Teetotalers at as much risk of dementia as excessive drinkers - study
Middle-aged moderate wine drinkers, in particular, are at a reduced risk of developing dementia in comparison to teetotalers, the study, published in the British Medical Journal, says. In fact, researchers found those who abstain from alcohol are 45 percent more likely to develop dementia than those who drink about half a bottle of wine per week.
However, the study says people who drink above the recommended alcohol limit of 14 units per week are also at an increased risk of developing dementia.
“We show that both long term alcohol abstinence and excessive alcohol consumption may increase the risk of dementia. Given the number of people living with dementia is expected to triple by 2050 and the absence of a cure, prevention is key,” the study’s authors said.
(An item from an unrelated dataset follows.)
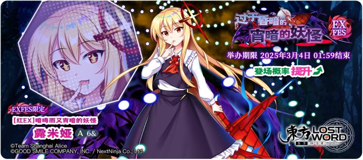 【过于昏暗的宵暗的妖怪 EXFES】[红EX]暗晦而又宵暗的妖怪 露米娅 登场概率提升的EXFES限定祈愿!开始日期:2025年2月25日 02:00结束日期:2025年3月4日 01:59 ※「[红EX]暗晦而又宵暗的妖怪 露米娅」是仅在EXFES限定祈愿中登场的角色。※「过于昏暗的宵暗的妖怪 EXFES」中需要交换P350才能交换「[红EX]暗晦而又宵暗的妖怪 露米娅」。※「[红

Researchers say it’s nearly impossible to definitively determine the effect of alcohol consumption - as it would require a trial in which participants would have to stop drinking or start drinking heavily. However, previous research has shown non-drinkers are at an increased risk of diabetes and cardiovascular disease, both of which could contribute to dementia. Moderate alcohol drinkers, meanwhile, have been known to have reduced cholesterol and blood pressure levels, which may protect them from dementia.
The findings are based on a 1985 study involving 9,087 British civil servants aged between 35 and 55. The study assessed participants over an eight-year period in which they analysed the social, behavioral and biological implications alcohol has on long term health.
The authors say while the study is important to fill gaps in knowledge, “we should remain cautious and not change current recommendations on alcohol use based solely on epidemiological studies".
The researchers are also careful to say these findings “should not motivate people who do not drink to start drinking” given the detrimental effects alcohol consumption can have on other parts of your health, such as liver disease and cancer.